Den of Thieves  by James B. Stewart
Another perennial bestseller, Den of Thieves  tells, in masterfully reported detail, the full story of the insider-trading scandal that nearly destroyed Wall Street, the men who pulled it off, and the chase that finally brought them to justice. Pulitzer Prize winner James B. Stewart shows how four of the biggest names on Wall Street -- Michael Milken, Ivan Boesky, Martin Siegel, and Dennis Levine -- created the greatest insider-trading ring in financial history and almost walked away with billions, until a team of downtrodden detectives triumphed over some of America's most expensive lawyers to bring this powerful quartet to justice. Based on secret grand jury transcripts, interviews, and actual trading records, and containing explosive new revelations about Michael Milken and Ivan Boesky written especially for this paperback edition, Den of Thieves  weaves all the facts into an unforgettable narrative -- a portrait of human nature, big business, and crime of unparalleled proportions.
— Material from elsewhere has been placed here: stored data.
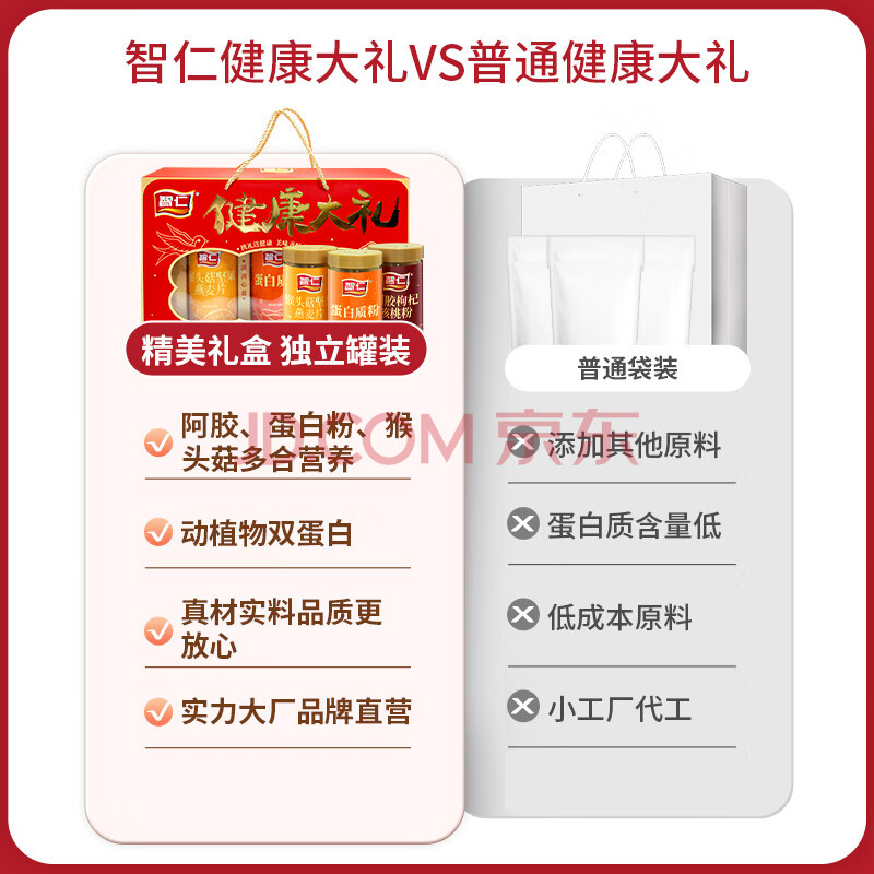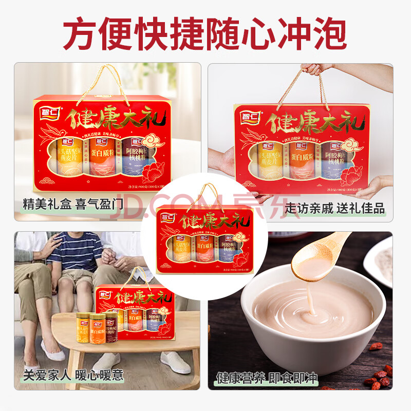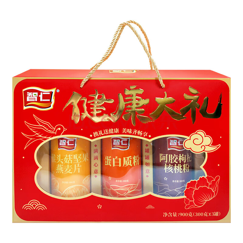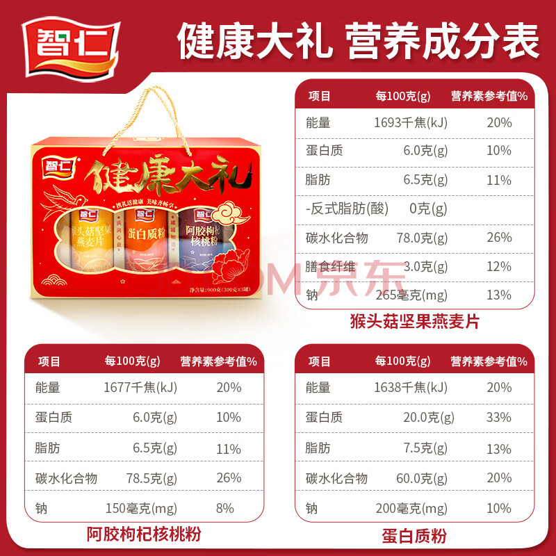 商品相册:智仁 健康大礼 猴头茹坚果燕麦片阿胶枸杞核桃粉蛋白质粉节日礼盒900g第
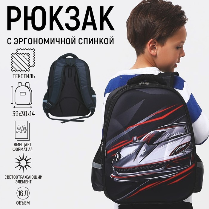 Рюкзак школьный каркасный 39х30х14 см «1 сентября: Машина»
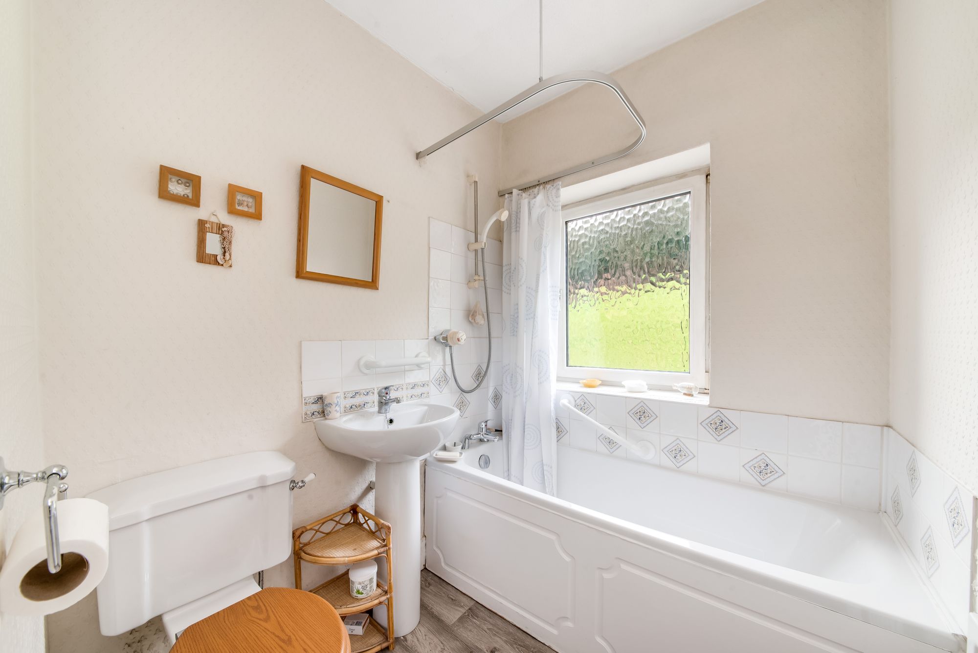 The bathroom features a white three-piece suite, which comprises panel bath with Myra XL shower over, a pedestal wash hand basin with chrome monobloc mixer tap and a low level w.c. There is tiling to the splash areas, a double-glazed window with obscure glass and tiled sill to the front elevation, a ceiling light point and radiator.

Barbarians at the Gate: The Fall of RJR Nabisco  by Bryan Burrough & John Helyar
The definitive account of the largest takeover in Wall Street history. The fight to control RJR Nabisco, with $25 billion at stakem will be remembered as the ultimate story of greed and glory. Barbarians at the Gate  has been called one of the most influential business books of all time -- the definitive, gripping account of the frenzy that overtook Wall Street in October and November of 1988 is the story of deal makers and publicity flaks, of strategy meetings and society dinners, of boardrooms and bedrooms -- giving us not only a detailed look at how financial operations at the highest levels are conducted but also a richly textured social history of wealth at the twilight of the Reagan era. "All the suspense of a first-rate thriller . . . one of the finest, most compelling accounts of what happened to corporate America and Wall Street in the 1980s." --New York Times Book Review.